Syria alone accounts for more than $4.4 billion of a global U.N. humanitarian appeal for $13 billion, compared with the $1.7 billion required for the nine Sahel countries stretching from Senegal in the west to Chad in the east, according to OCHA figures.

Piper said he does not encourage comparisons between Syria and Sahel on some kind of “suffering index”, but urged donors not to forget problem areas that do not grab headlines. 

“There’s always been chronic poverty in the Sahel, there’s always been food insecurity and malnutrition, and I feel we’ve become immune to this incredible suffering,” Piper said.

To date, the shortage of funding has pushed donors and agencies to spend money on immediate priorities rather than make riskier, longer-term investments that might bear fruit only the following year, Piper said.

“Of course, feeding a starving mother today or funding therapeutic treatment for a severely malnourished child wins hands down over providing emergency seeds for next year’s harvest or repairing dirty water sources,” he said.

Only 47 percent of the funding wanted for agriculture was met this year compared with almost 85 percent of the funding required for food assistance.

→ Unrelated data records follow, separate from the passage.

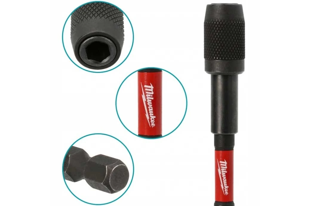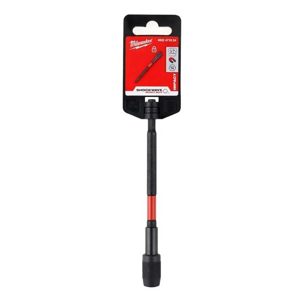 Магнітний тримач Milwaukee SHOCKWAVE 1/4" Hex 152 мм має подвійні магніти та механічний замок Auto-Locking, що надійно утримує біту й кріплення. Довга ударостійка конструкція забезпечує доступ до заглиблених гвинтів і сумісність із ударним інструментом.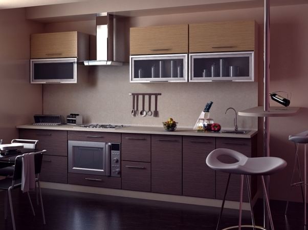 Барная стойка. Двери верхних шкафов с вертикальным открытием.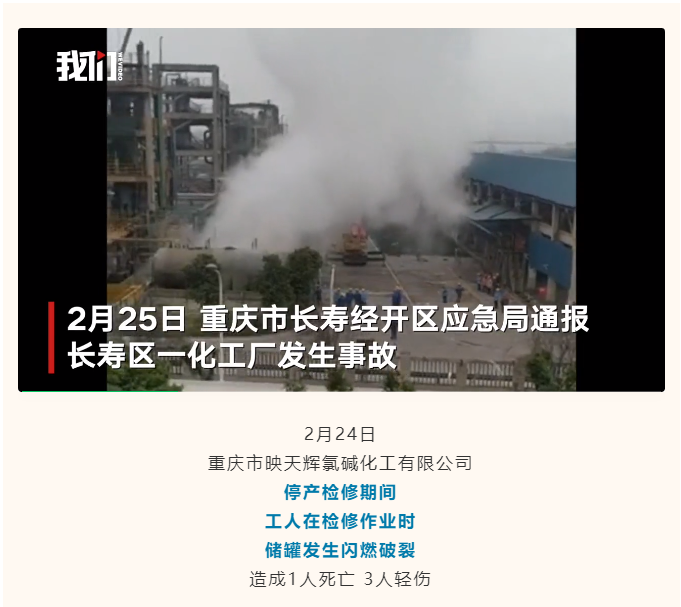 - 重庆一化工厂发生事故 造成1人死亡 3人轻伤

Water, hygiene and sanitation (WASH) projects received only 29 percent of the funding they had sought, OCHA data show.

“Yet it’s frustrating to sit here and see that we’re going to have another massive burden of hunger next year, even without a drought, and part of the reason is our inability to respond in a more comprehensive way to the needs this year,” Piper said.

“We need to be able to treat for today, and prevent for tomorrow so mothers and children don’t have to keep coming back year after year.”

NOT JUST WEATHER

Good weather this year meant farm output in the Sahel was 1 percent higher than the average of the previous five years, but due to conflict and higher population there was around 13 percent less food per capita, Piper said.

Instability in northern Mali, violence in the Central African Republic and northern Nigeria, and a fertility rate of 7.6 children per mother in countries like Niger, have limited the supply and pushed up the price of food across the Sahel and kept malnutrition rates among the highest in the world.

“Today, a smaller proportion of the poor are subsistence farmers or pastoralists, whose fate is directly related to the weather. Rather, many depend on labour markets, like you and me, often being paid for seasonal jobs on a day-to-day basis,” Piper said.

“They don’t grow all their own crops or raise enough animals in idyllic African landscapes to support themselves. Instead, they buy from the local food markets, which makes them incredibly vulnerable to the movement of prices, especially as they spend 50 to 60 percent of their wages on feeding their families,” he said.

“Blaming everything on the weather distances you from the sense of urgency, which is at best disempowering and at worst allowing you to maybe shirk responsibility,” Piper warned. “Social protection schemes, insurance policies, development of climate-hardy seeds and diversification of livelihoods are just some of the things that can help families deal with an increasingly erratic climate.”